** What you should do **
The expected output is the data below, character for character, without its pictures.

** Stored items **
----

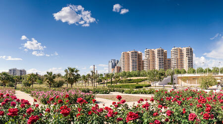 Modern apartments in the city of Valencia, Parque Jardin del Turia and flowers in the foreground.
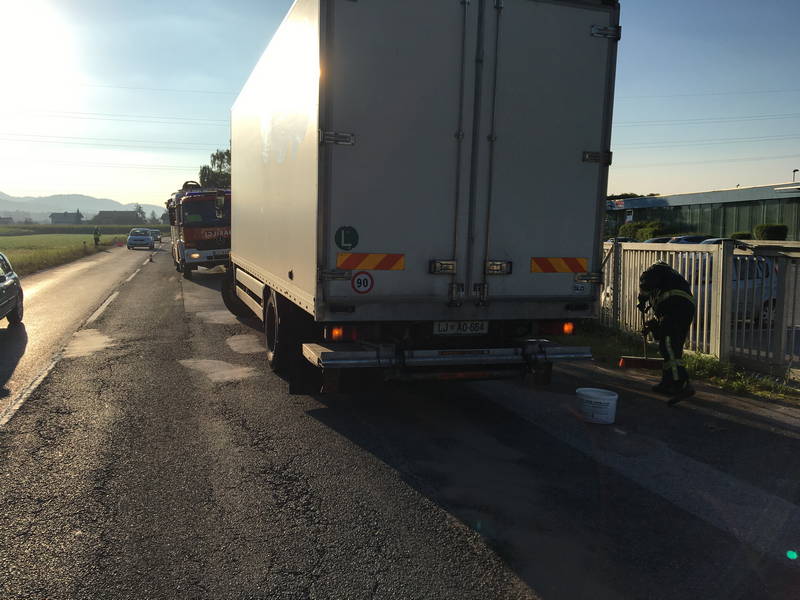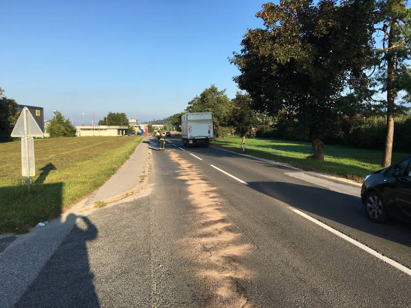 Danes zjutraj, ob 7.16, je na Korenovi cesti v Podgorju iz tovornega vozila iztekalo motorno olje.
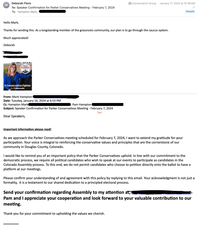 Ponder this, “Do you find it strange that 3 of our Doug Co HR held a joint town hall meeting in Castle Rock”? Why did they not each hold a meeting in their own District? Not holding a town hall in your district is disrespectful to us, the voters.
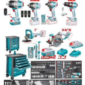 1350NM Cordless impact wrench(TIWLI201351): Brushless motor Voltage: 20V Square drive: 3/4″ No-load speed: 0-900/0-1200/0-1800rpm Impact rate: 0-1800/0-2000/0-2200bpm Fastening torque: 1350Nm Nut-Busting torque: 1900Nm Integrated LED work light Include: 2 Pcs 5.0Ah battery pack(TFBLI20531) 1 Pcs 4A charger(TFCLI20411) Charge volts:220-240V~50/60Hz
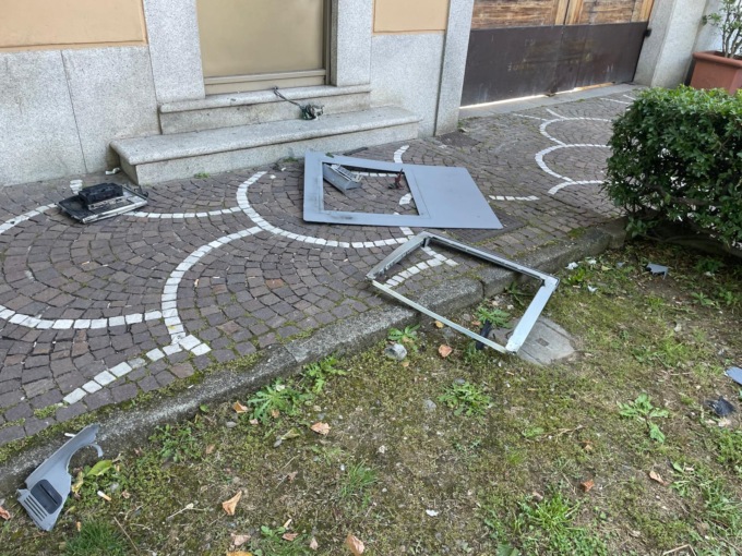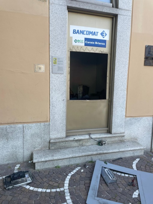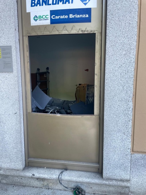 L’esplosione è stata alle 4 di sabato 17 maggio 2025. Il boato è stato violentissimo e lo si deduce anche dai detriti sparsi un po’ ovunque, anche a decine di metri di distanza. I ladri pare siano riusciti a portarsi via l’intero sportello bancomat, anche se non si conosce il contenuto. Di sicuro i danni sono notevoli, come si può intravedere dal “buco” lasciato dall’esplosione.
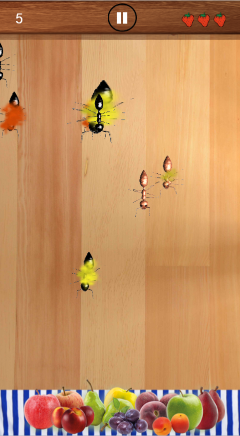Если вам не нравятся насекомые, то эта игра для вас. В данном приложении вы должны защищать фрукты от муравьёв и жуков, но опасайтесь шмелей, иначе рискуете потерять здоровье. За каждого убитого врага в игре даются очки.
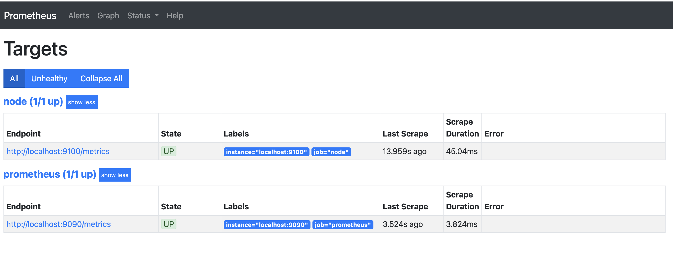우선 Status에서 Targets을 눌러서 현재 어떤 걸 관찰하고 있는지 확인한다.
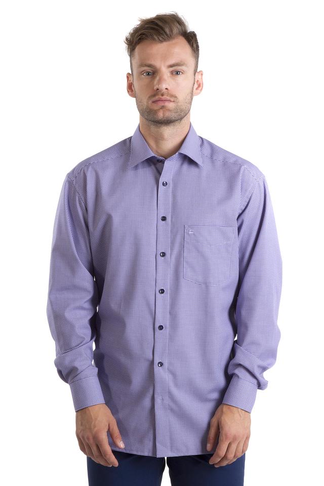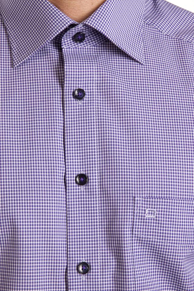 Приятная к телу, уютная и стильная рубашка в очень мелкую клетку в серых и сиреневых тонах. Отличное решение как на каждый день под джинсы или брюки, так и под офисный костюм за счет прямого кроя. Рубашка украшена темными пуговицами вдоль планки и накладным карманом. Прекрасный выбор для каждого мужчины на любой случай жизни. Рубашка из натурального хлопка подойдет на любой сезон.
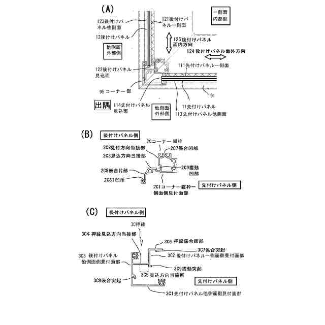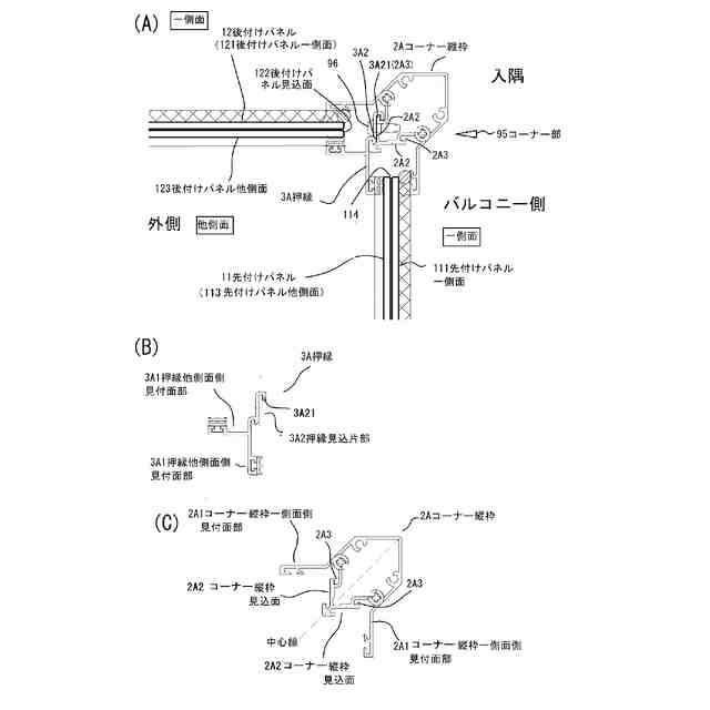 図3は、実施例Aのコーナー部の説明図である。図3(A)は入隅となるコーナー部の断面であり、図3(B)は押縁の平面図であり、図3(C)はコーナー縦枠の平面図である。
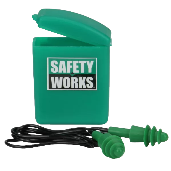 Safety Works Ear Plugs, Noise Reduction Rate (NRR): 23 dB, Ear Plug Material: Rubber, Includes: (1) Pair Ear Plug and Case
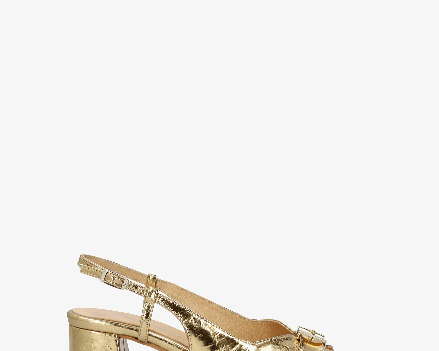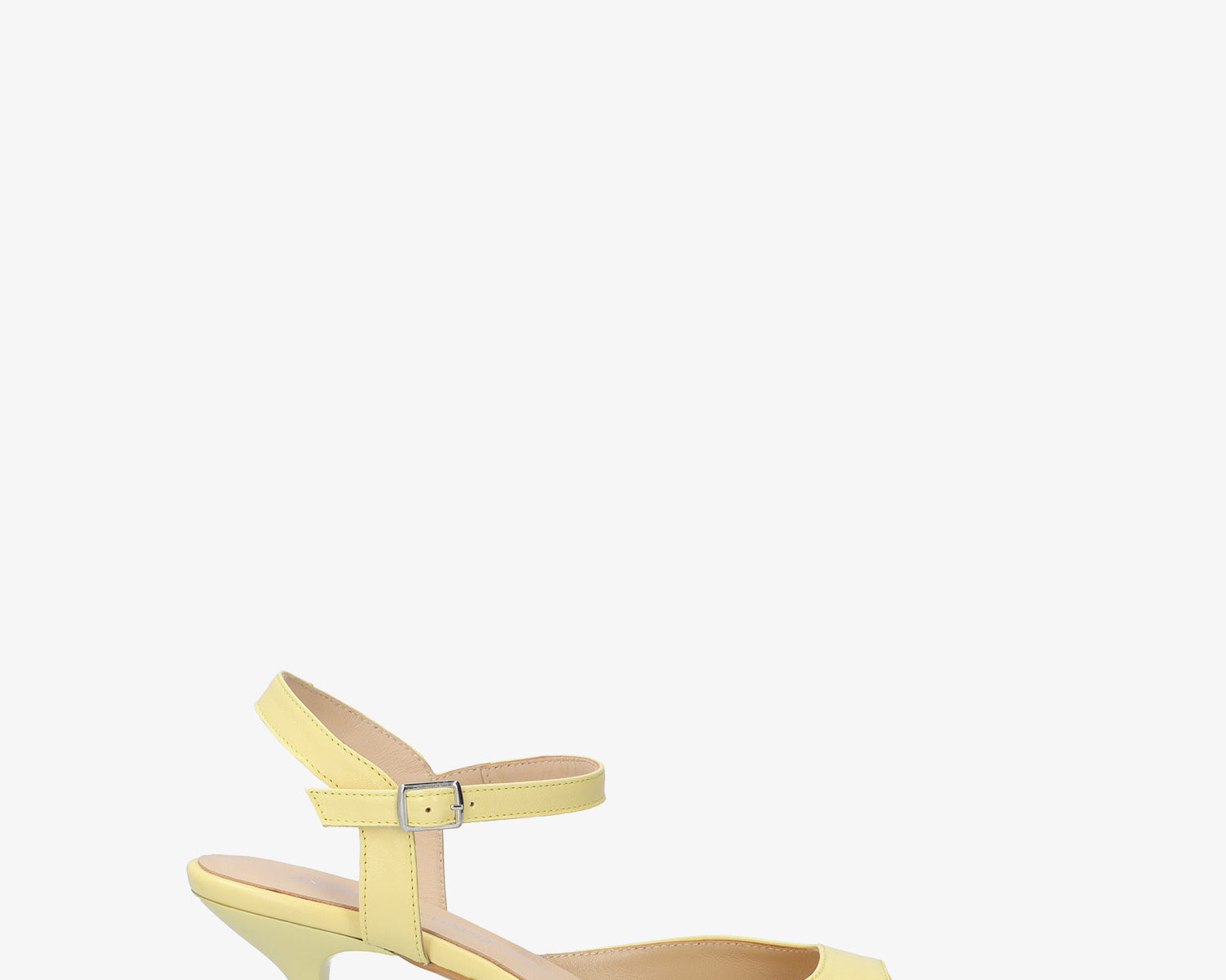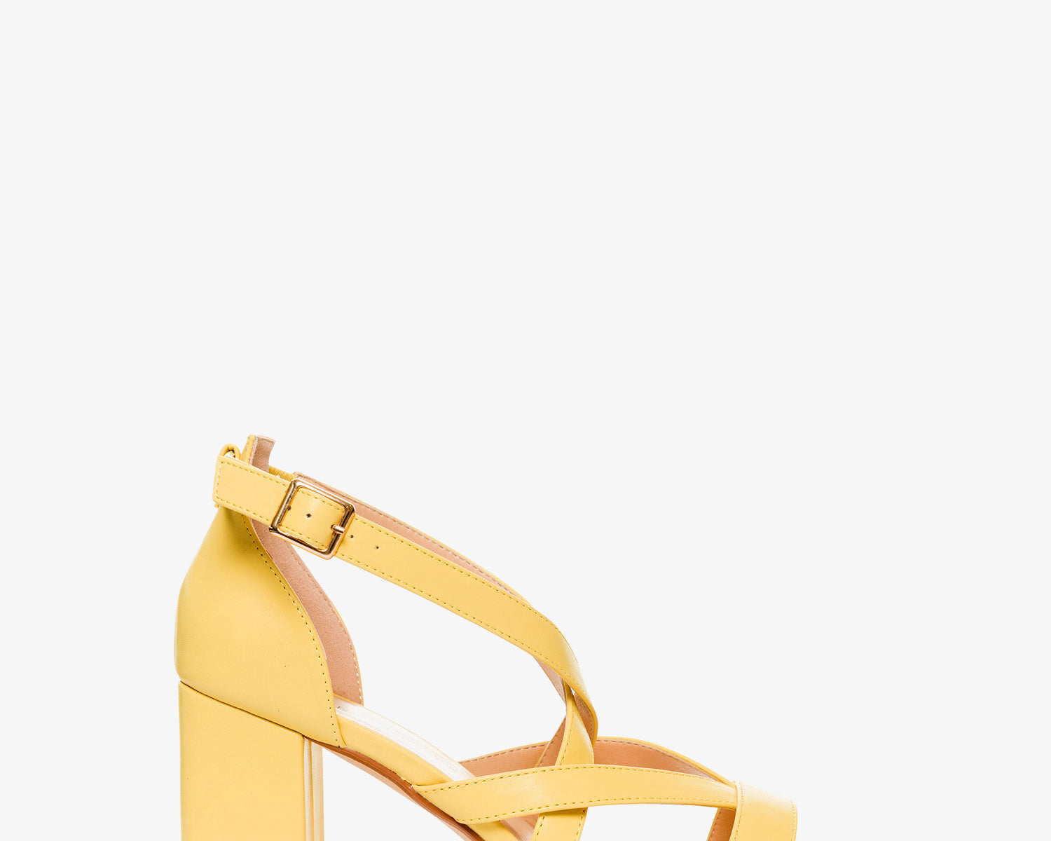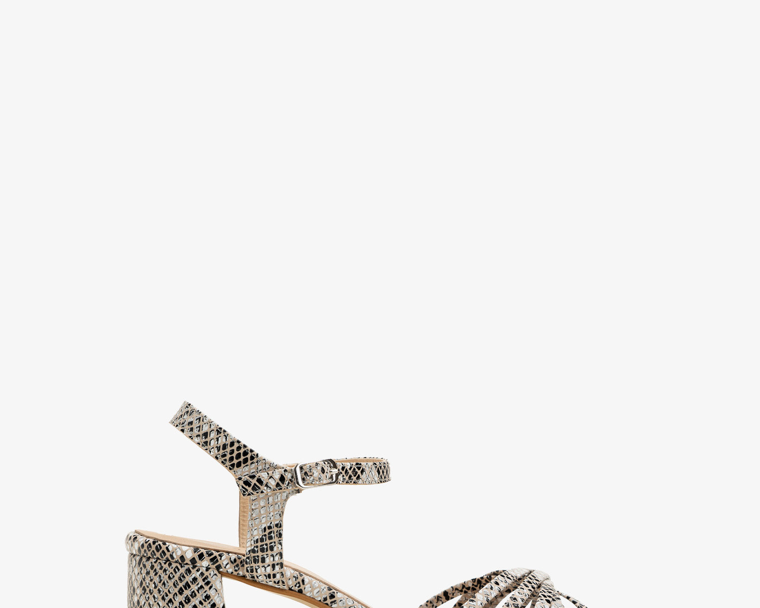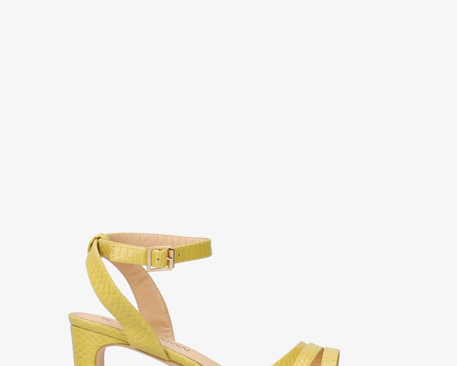 Sandalia en soft snake mostaza con tacón semi-cuadrado
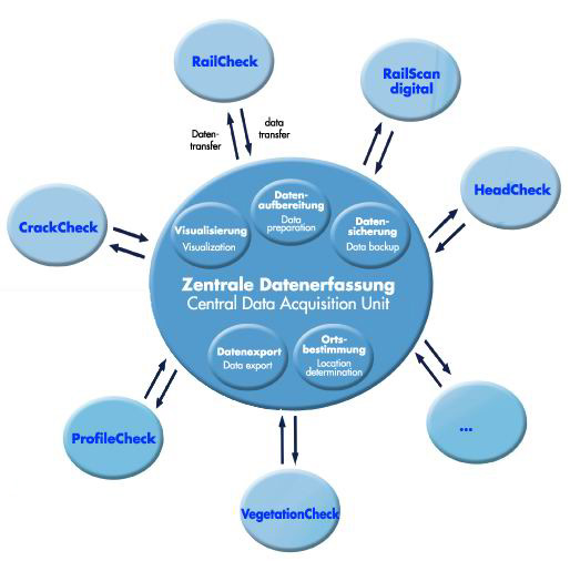 The Central Data Acquisition Unit (Zentrale Datenerfassung, ZDE) stores data generated by all connected railway track inspection systems, which is sorted by related information.

----

** Task output **
 Modern apartments in the city of Valencia, Parque Jardin del Turia and flowers in the foreground.
 Danes zjutraj, ob 7.16, je na Korenovi cesti v Podgorju iz tovornega vozila iztekalo motorno olje.
 Ponder this, “Do you find it strange that 3 of our Doug Co HR held a joint town hall meeting in Castle Rock”? Why did they not each hold a meeting in their own District? Not holding a town hall in your district is disrespectful to us, the voters.
 1350NM Cordless impact wrench(TIWLI201351): Brushless motor Voltage: 20V Square drive: 3/4″ No-load speed: 0-900/0-1200/0-1800rpm Impact rate: 0-1800/0-2000/0-2200bpm Fastening torque: 1350Nm Nut-Busting torque: 1900Nm Integrated LED work light Include: 2 Pcs 5.0Ah battery pack(TFBLI20531) 1 Pcs 4A charger(TFCLI20411) Charge volts:220-240V~50/60Hz
 L’esplosione è stata alle 4 di sabato 17 maggio 2025. Il boato è stato violentissimo e lo si deduce anche dai detriti sparsi un po’ ovunque, anche a decine di metri di distanza. I ladri pare siano riusciti a portarsi via l’intero sportello bancomat, anche se non si conosce il contenuto. Di sicuro i danni sono notevoli, come si può intravedere dal “buco” lasciato dall’esplosione.
Если вам не нравятся насекомые, то эта игра для вас. В данном приложении вы должны защищать фрукты от муравьёв и жуков, но опасайтесь шмелей, иначе рискуете потерять здоровье. За каждого убитого врага в игре даются очки.
우선 Status에서 Targets을 눌러서 현재 어떤 걸 관찰하고 있는지 확인한다.
 Приятная к телу, уютная и стильная рубашка в очень мелкую клетку в серых и сиреневых тонах. Отличное решение как на каждый день под джинсы или брюки, так и под офисный костюм за счет прямого кроя. Рубашка украшена темными пуговицами вдоль планки и накладным карманом. Прекрасный выбор для каждого мужчины на любой случай жизни. Рубашка из натурального хлопка подойдет на любой сезон.
 図3は、実施例Aのコーナー部の説明図である。図3(A)は入隅となるコーナー部の断面であり、図3(B)は押縁の平面図であり、図3(C)はコーナー縦枠の平面図である。
 Safety Works Ear Plugs, Noise Reduction Rate (NRR): 23 dB, Ear Plug Material: Rubber, Includes: (1) Pair Ear Plug and Case
 Sandalia en soft snake mostaza con tacón semi-cuadrado
 The Central Data Acquisition Unit (Zentrale Datenerfassung, ZDE) stores data generated by all connected railway track inspection systems, which is sorted by related information.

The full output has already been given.